▶ [Data for analysis]:
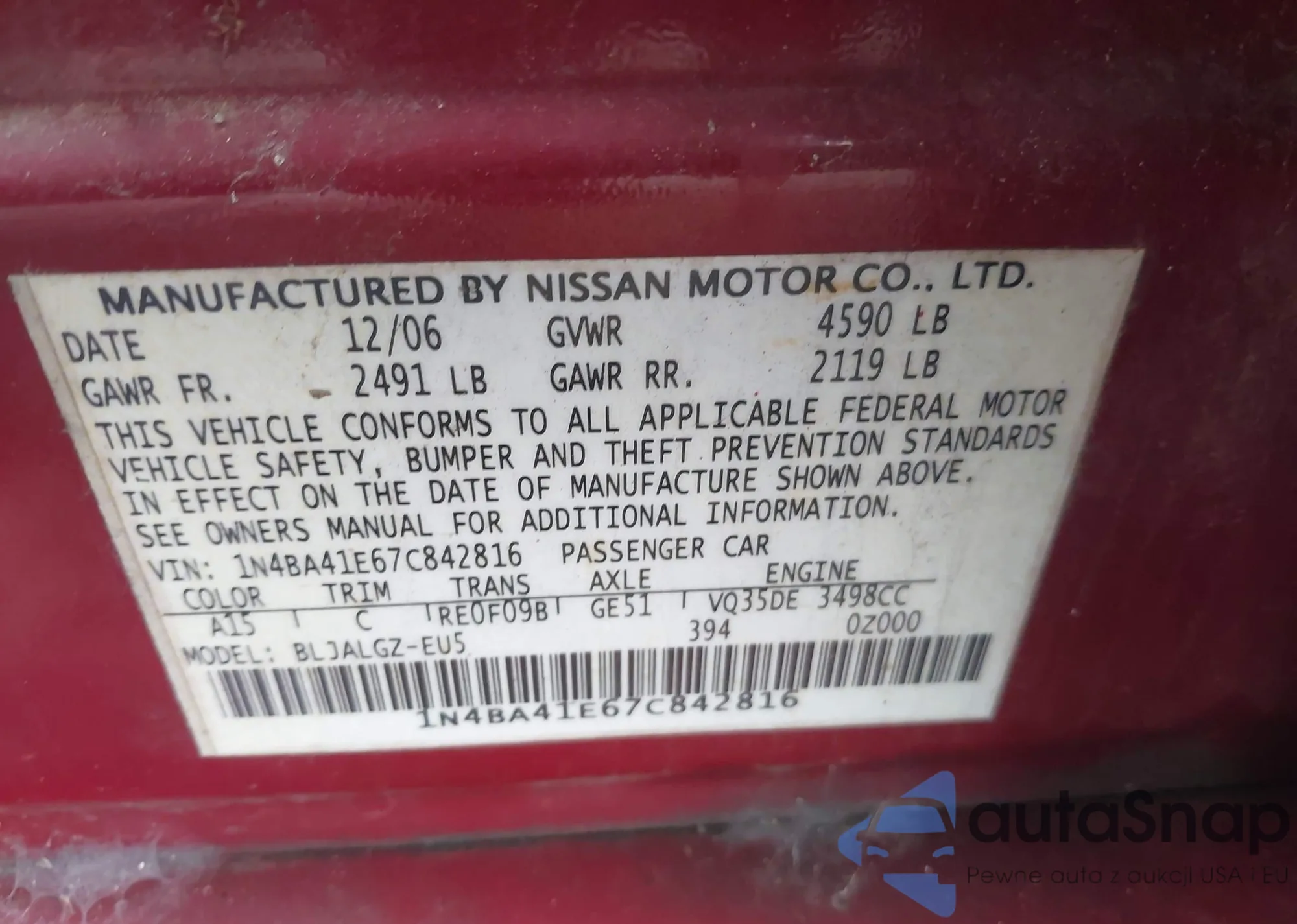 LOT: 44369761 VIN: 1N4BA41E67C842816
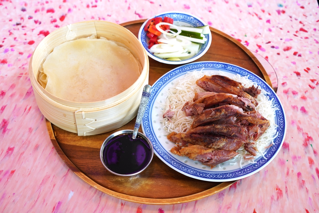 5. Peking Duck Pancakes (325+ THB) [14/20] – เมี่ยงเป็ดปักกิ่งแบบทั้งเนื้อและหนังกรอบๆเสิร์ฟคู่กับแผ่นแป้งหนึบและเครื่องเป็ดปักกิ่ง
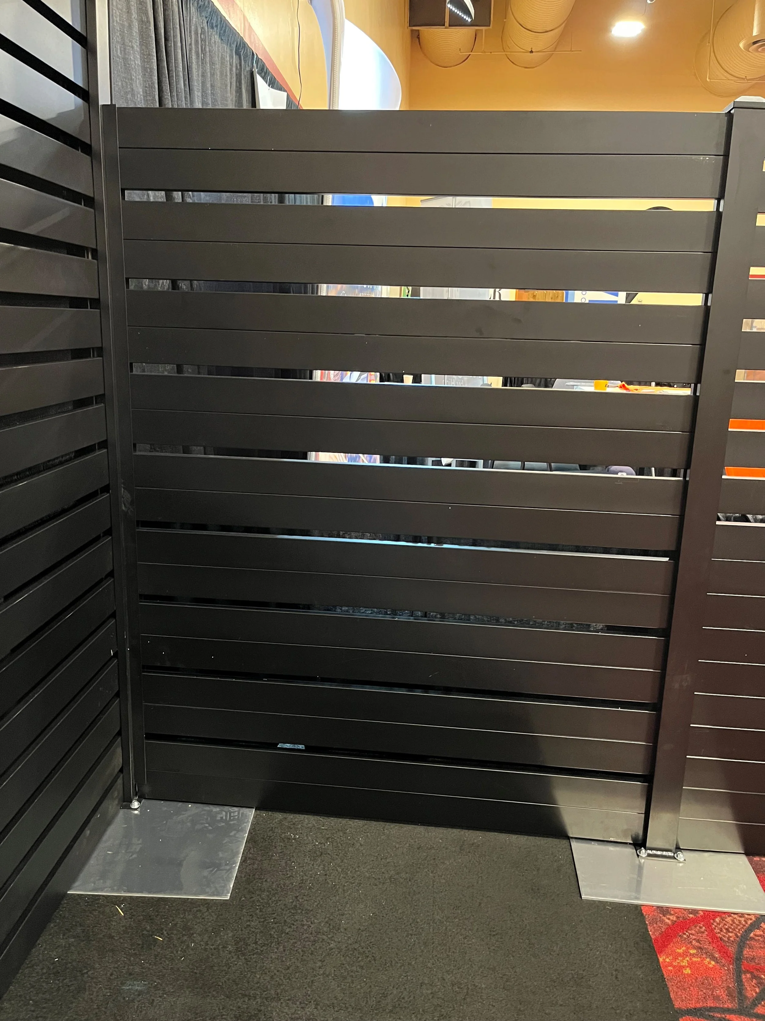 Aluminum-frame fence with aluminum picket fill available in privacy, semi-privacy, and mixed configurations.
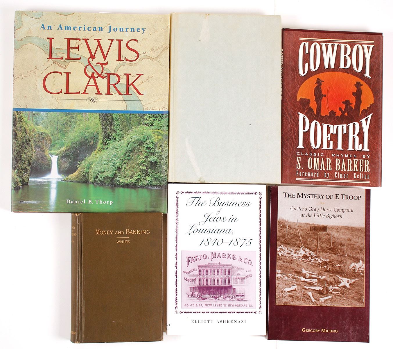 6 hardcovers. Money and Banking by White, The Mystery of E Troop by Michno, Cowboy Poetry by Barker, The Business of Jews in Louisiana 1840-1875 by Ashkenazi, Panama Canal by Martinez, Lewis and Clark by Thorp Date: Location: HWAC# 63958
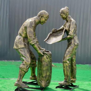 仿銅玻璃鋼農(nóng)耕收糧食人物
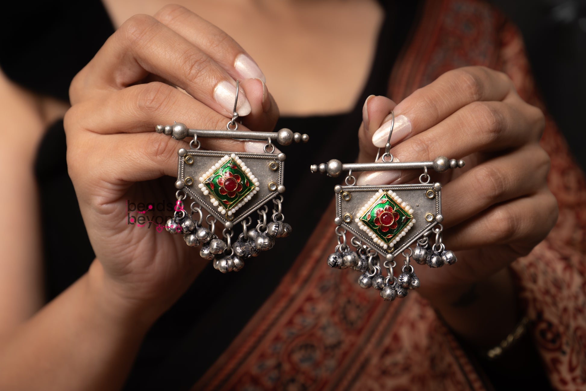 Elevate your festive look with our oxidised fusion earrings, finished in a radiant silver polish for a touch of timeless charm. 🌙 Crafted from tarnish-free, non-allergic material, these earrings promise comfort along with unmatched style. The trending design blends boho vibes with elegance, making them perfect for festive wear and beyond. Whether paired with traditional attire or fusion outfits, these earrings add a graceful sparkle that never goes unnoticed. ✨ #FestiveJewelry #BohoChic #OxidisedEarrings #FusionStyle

▶ [Problem requirements]: Without including any pictures, reproduce the listing exactly.

▶ [Exercise output]:
 LOT: 44369761 VIN: 1N4BA41E67C842816
 5. Peking Duck Pancakes (325+ THB) [14/20] – เมี่ยงเป็ดปักกิ่งแบบทั้งเนื้อและหนังกรอบๆเสิร์ฟคู่กับแผ่นแป้งหนึบและเครื่องเป็ดปักกิ่ง
 Aluminum-frame fence with aluminum picket fill available in privacy, semi-privacy, and mixed configurations.
 6 hardcovers. Money and Banking by White, The Mystery of E Troop by Michno, Cowboy Poetry by Barker, The Business of Jews in Louisiana 1840-1875 by Ashkenazi, Panama Canal by Martinez, Lewis and Clark by Thorp Date: Location: HWAC# 63958
 仿銅玻璃鋼農(nóng)耕收糧食人物
 Elevate your festive look with our oxidised fusion earrings, finished in a radiant silver polish for a touch of timeless charm. 🌙 Crafted from tarnish-free, non-allergic material, these earrings promise comfort along with unmatched style. The trending design blends boho vibes with elegance, making them perfect for festive wear and beyond. Whether paired with traditional attire or fusion outfits, these earrings add a graceful sparkle that never goes unnoticed. ✨ #FestiveJewelry #BohoChic #OxidisedEarrings #FusionStyle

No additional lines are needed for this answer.